## Task directions:
Beginning with the line that has "Termo doble pared." and ending with the line that has "벡터 레이어 사용의 주요", retype the entries below exactly, except for the pictures.

## Task material:
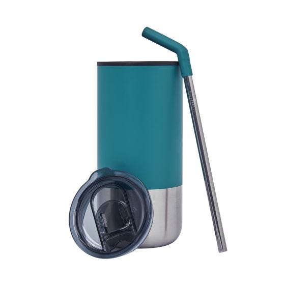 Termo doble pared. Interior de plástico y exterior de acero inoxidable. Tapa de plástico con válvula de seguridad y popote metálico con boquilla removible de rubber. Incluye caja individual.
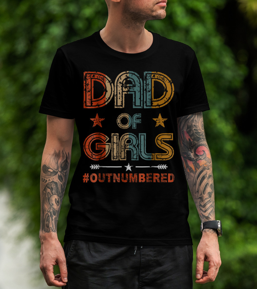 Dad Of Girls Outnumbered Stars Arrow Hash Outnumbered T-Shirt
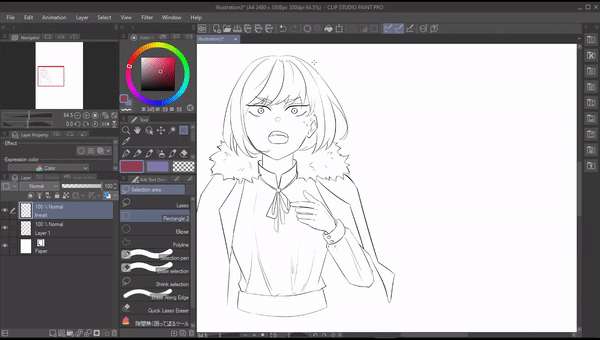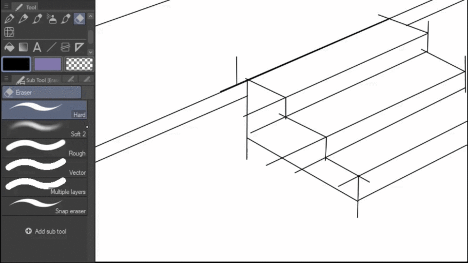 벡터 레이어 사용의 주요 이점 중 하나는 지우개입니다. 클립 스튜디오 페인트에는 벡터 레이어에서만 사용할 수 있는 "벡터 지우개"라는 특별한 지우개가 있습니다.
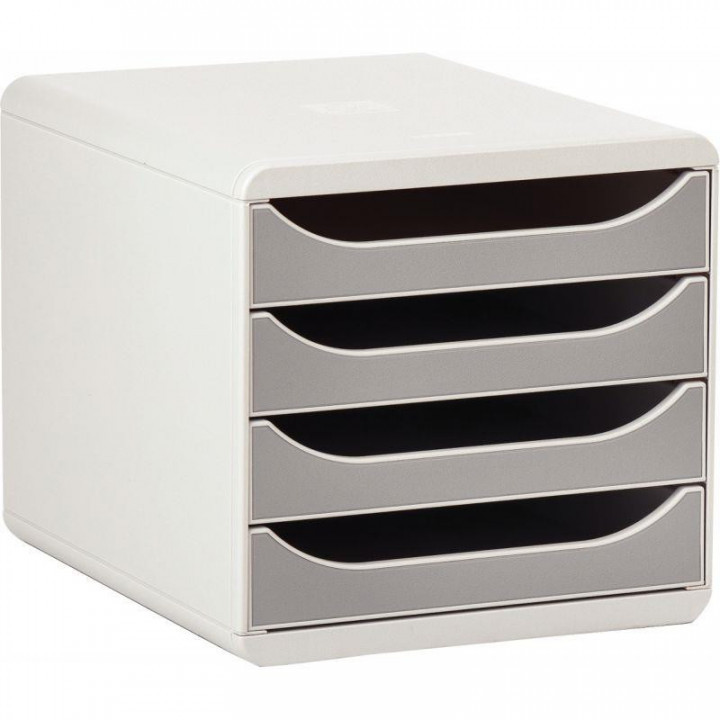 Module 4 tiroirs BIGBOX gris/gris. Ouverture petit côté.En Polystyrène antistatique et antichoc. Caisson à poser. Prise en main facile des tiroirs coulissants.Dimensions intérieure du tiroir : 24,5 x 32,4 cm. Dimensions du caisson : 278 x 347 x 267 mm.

--

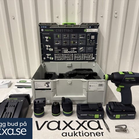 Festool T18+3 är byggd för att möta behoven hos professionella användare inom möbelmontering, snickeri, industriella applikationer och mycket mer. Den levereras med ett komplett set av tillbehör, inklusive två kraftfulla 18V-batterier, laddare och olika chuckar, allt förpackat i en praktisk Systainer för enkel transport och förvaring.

## Exercise response:
 Termo doble pared. Interior de plástico y exterior de acero inoxidable. Tapa de plástico con válvula de seguridad y popote metálico con boquilla removible de rubber. Incluye caja individual.
 Dad Of Girls Outnumbered Stars Arrow Hash Outnumbered T-Shirt
 벡터 레이어 사용의 주요 이점 중 하나는 지우개입니다. 클립 스튜디오 페인트에는 벡터 레이어에서만 사용할 수 있는 "벡터 지우개"라는 특별한 지우개가 있습니다.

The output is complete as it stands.